Preparing For The Separation
There is no surprise when it comes to separation, don’t you think?
You may have a friend who tells you that they are preparing to become separated and the truth is you cannot stop
thinking about how they sometimes keep on denying and how they cannot accept the fact that a family may go on even
if the two partners are separated.
Something like this may be surprising if there is no separation. Everyone who has gone through a break (and
everyone has gone through at least one) knows that there are early warning signs that are more or less obvious and
that warn us about the fact that the ship is falling apart. And what do we do?
Instead of putting on the jacket and preparing to jump, we begin to draw water with a mug and we usually get
very stupid, too, feeling like drowning because of that water. How much pain would you avoid if you just sat down
and talked to each other about the best way to end the relationship instead of hiding the fact that you are better
off separated?
You will eventually feel happy if you decide to give a fitting end to a relationship. If you strip away the
family or the social mandates, it will lead you to confrontation and you will become open for negotiation.

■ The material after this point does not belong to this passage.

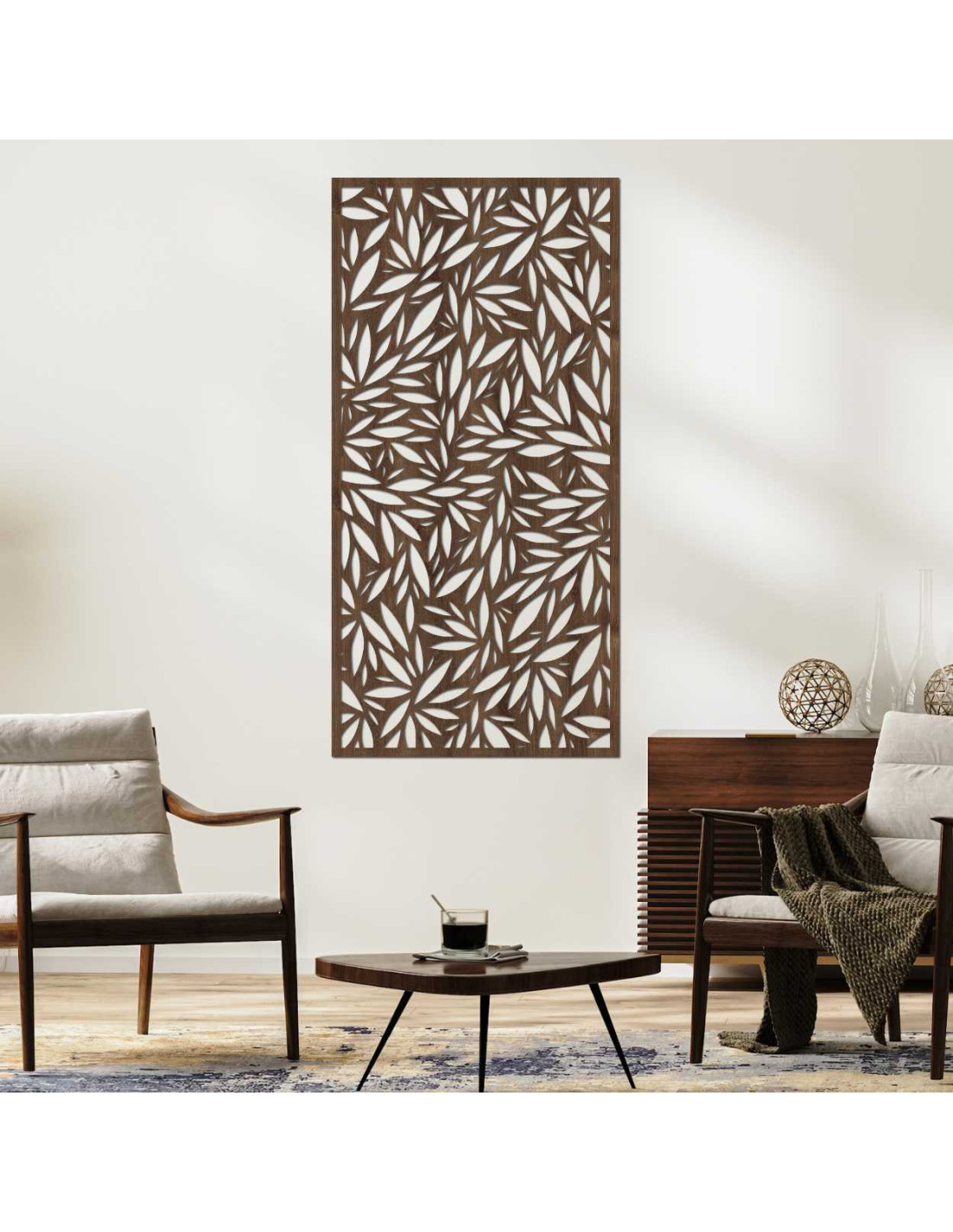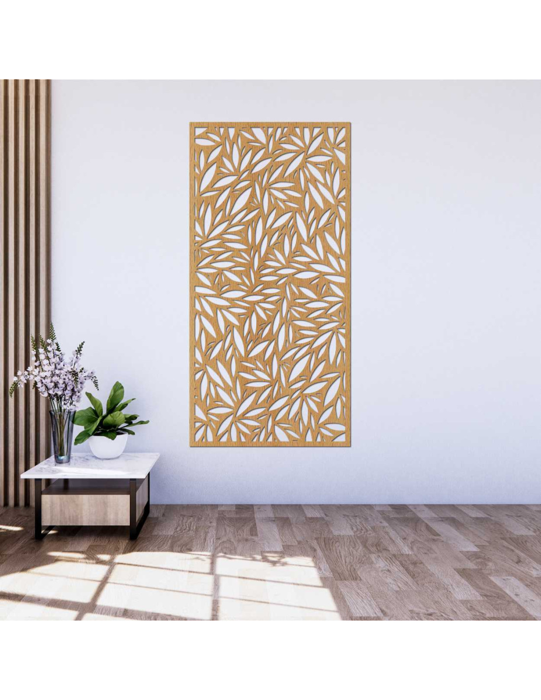 A növényi mintás fa kép eredeti dizájnt kölcsönöz részletesen faragott levelekkel.

There are different things people may find helpful when it comes to resigning, things leading them to
forgiveness and reconciliation with family and friends and that make them see the desirability of their legal
affairs being in order and so on. Today, however, medicine has emerged in God and people have learned to accept
their death, the delays only being unworthy and inhuman.

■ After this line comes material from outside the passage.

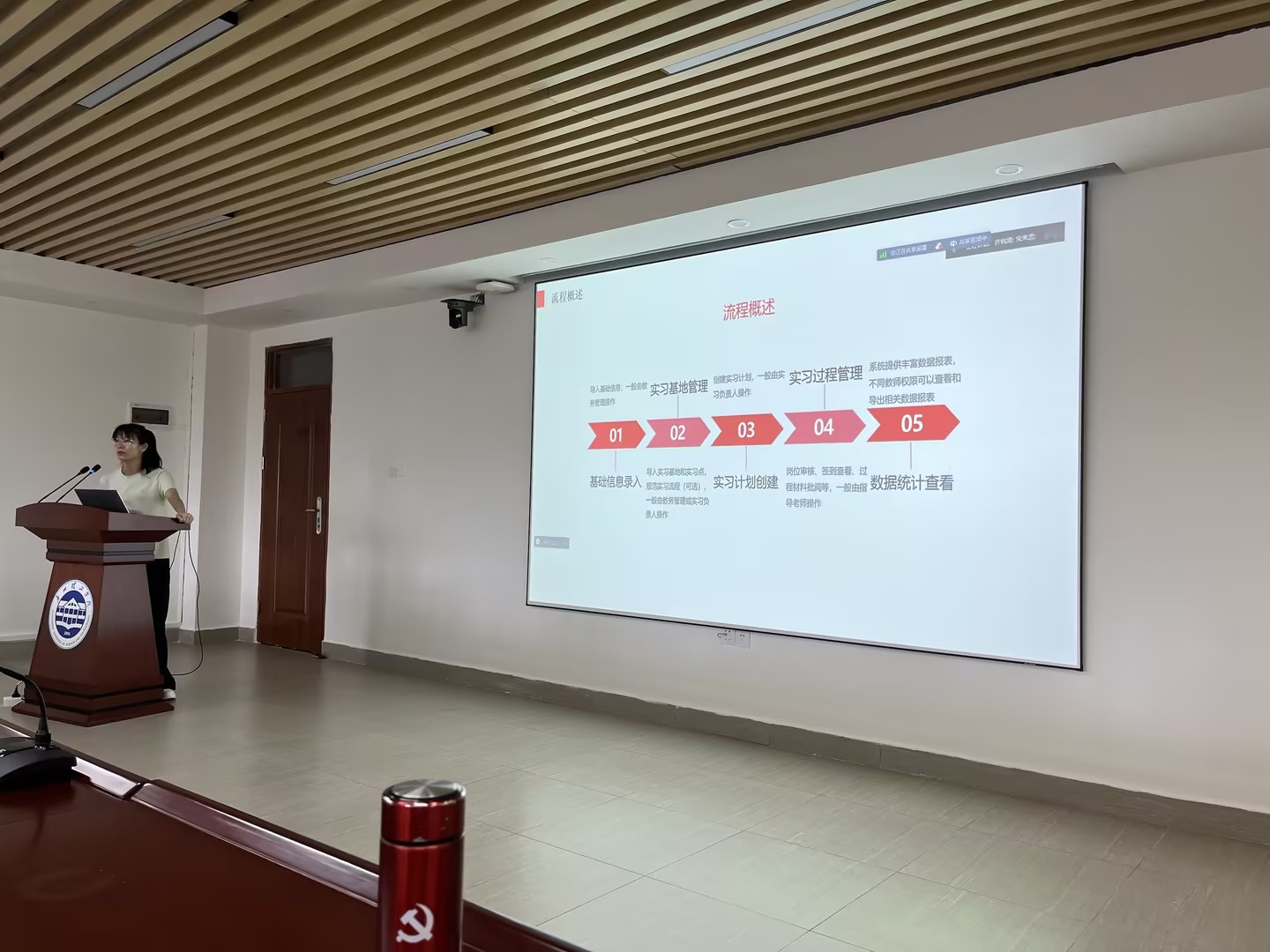 此后蒙经理开展实践教学管理系统培训,主要围绕“基础信息录入”、“实习基地管理”、“实习计划创建”、“实习过程管理”、“数据统计查看”五大板块进行了细致的讲解和现场演示,旨意于让大家更直观地认识和学习系统,以便更快地把系统运用起来。

And the latter is what happens to us when it comes to separation. Instead of resigning, we should accept that a
cycle is complete, forgive and resolve our legal issues with confidence. We can become entangled in a long agony in
two, in a petty war that is meant to establish who gets more and we do not realize that we are very slowyly
approaching what we fear: the end.
When possible, the couple must try to save the relationship. But when there is no turning back (and when one of
the two is left in any way, there's no reverse), the two must take care for the sake of their own mental
health.
And when the time of the last goodbye comes, do things th way you used to do them before: a bit of tears and
prayers, a few anecdotes from the happy times, a gin here, a coffee there, plenty of food and drinks for the
relatives coming from far away and the late sleep of the righteous, while life goes on all around.